Can you provide a short, complete example of the issue?

I tried this on CUDA 12.8.1, but that did not show an issue:

$ cat test.cu
#include <./cuda-samples/Common/helper_math.h>

__device__ float f(float a, float b, float c){


  return ::lerp(a,b,c);
}
$ nvcc -arch=sm_80 -I.  -dc test.cu
$
inline __device__ __host__ float lerp(float a, float b, float t)
{
	return a + t * (b - a);
}

__global__ void interpolate(const float* a, const float* b, const float* t, float* result)
{
	int i = blockIdx.x * blockDim.x + threadIdx.x;

	result[i] = ::lerp(a[i], b[i], t[i]);
}

This shows the problem.

It’s compiled with CMake with:

set(CMAKE_CUDA_ARCHITECTURES "61;80")
add_compile_options($<$<COMPILE_LANGUAGE:CUDA>:--std=c++20>)
add_compile_options($<$<COMPILE_LANGUAGE:CUDA>:--extended-lambda>)
add_compile_options($<$<COMPILE_LANGUAGE:CUDA>:--expt-relaxed-constexpr>)

I don’t think the flags matter.
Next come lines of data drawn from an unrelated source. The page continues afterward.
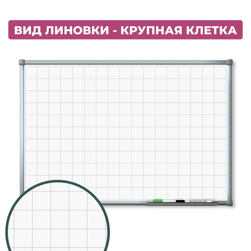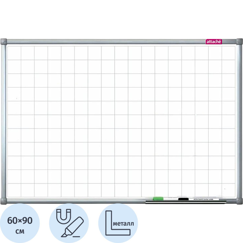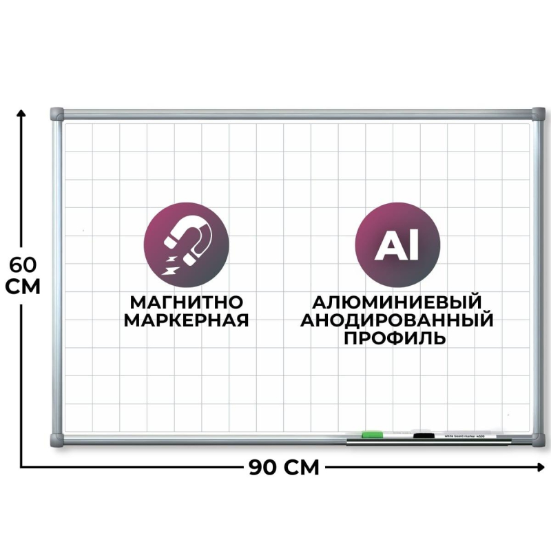 Доска магнитно-маркерная 60x90, настенная, с лаковым покрытием, в алюминиевом профиле. Размер клетки - 5 см. Комплектуется полочкой для маркеров. Для письма использовать специальные маркеры для магнитно-маркерных досок. Покрытие доски имеет возможность крепления информации при помощи магнитов, при удалении записей используются только специальные губки-стиратели, в комбинации со специализированным спреем, для более тщательной очистки полотна. В комплект входит крепления, для размещения доски к стене. Гарантия 1 год. Страна производитель Россия. За счет использования премиум профиля овального сечения шириной 21 мм конструкция доски имеет увеличенную прочность и надежность. Размер рабочей поверхности: 56x87 см. Для удаления пленки потяните за верхний свободный угол, пленка легко отойдет от рабочей поверхности. При необходимости проведите вдоль рамы канцелярским ножом.
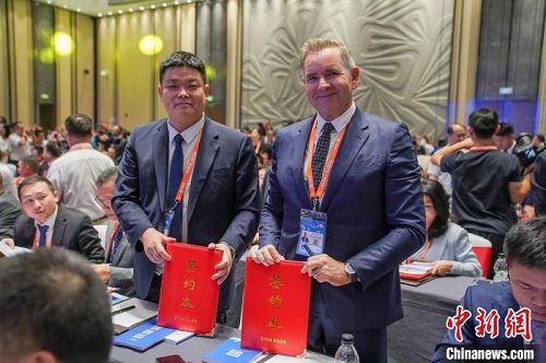 参加签约仪式的企业代表展示签约本。陈冠言摄
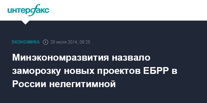 Москва. 28 июля. INTERFAX.RU - Глава Минэкономразвития Алексей Улюкаев "поставил ряд вопросов в отношении легитимности принятого решения" совета директоров Европейского банка реконструкции и развития временно приостановить финансирование новых проектов в России, сообщило ведомство по итогам встречи министра с президентом ЕБРР Сумой Чакрабарти.
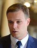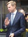 Homeland Union was the largest opposition party in the Eleventh Seimas. Andrius Kubilius, who had led the first government in modern Lithuanian history to survive a full term in office, did not seek another term as leader of the party. In 2015 he was replaced by Gabrielius Landsbergis, the grandson of the patriarch of the party, Vytautas Landsbergis.[43] The party surprised political observers by winning the largest share of the vote in the European Parliament elections in 2014 and tended to outperform the opinion polls due to the higher participation rate among their supporters.[44] The program of the party promised higher quality public services and reduced bureaucratic waste, new well-paid employment opportunities and improved public education.[45]
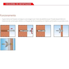 Informações técnicas: Bucha Perfix 10mm Comprimento da bucha: 60mm Profundidade mínima para furo: 70mm Diâmetro recomendado do parafuso: 5,0 - 6,3 mm Produzido em Polietileno de alta densidade Apresenta aletas e braços que fazem a bucha não girar dentro do furo.
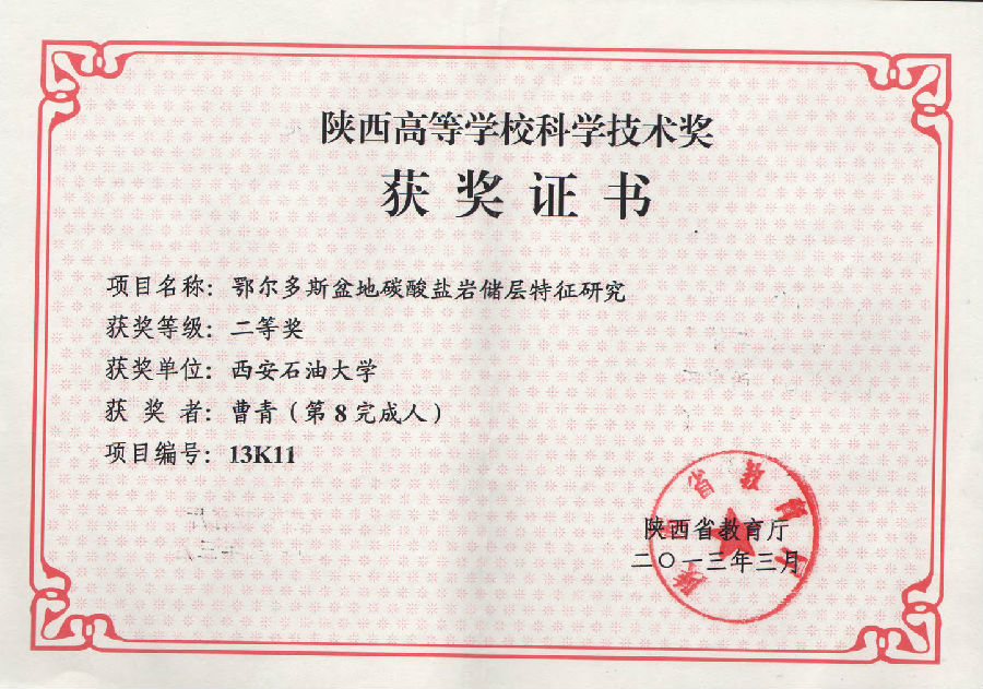 (3)曹青同志2014年获得西安石油大学教师讲课比赛三等奖。

They’re just there because I used what I normally use. Compiles fine with arch 61 but not with arch 80.

Edit: I initially posted with ā€˜lerp’ instead of ā€˜::lerp’, but got the same problem with both.

1 Like

I didn’t have any trouble compiling that on CUDA 12.8.1:

$ cat test2.cu
inline __device__ __host__ float lerp(float a, float b, float t)
{
        return a + t * (b - a);
}

__global__ void interpolate(const float* a, const float* b, const float* t, float* result)
{
        int i = blockIdx.x * blockDim.x + threadIdx.x;

        result[i] = lerp(a[i], b[i], t[i]);
}
$ nvcc -arch=sm_80 -I.  -dc test2.cu
$

Can you shown the full cmake verbose compilation output?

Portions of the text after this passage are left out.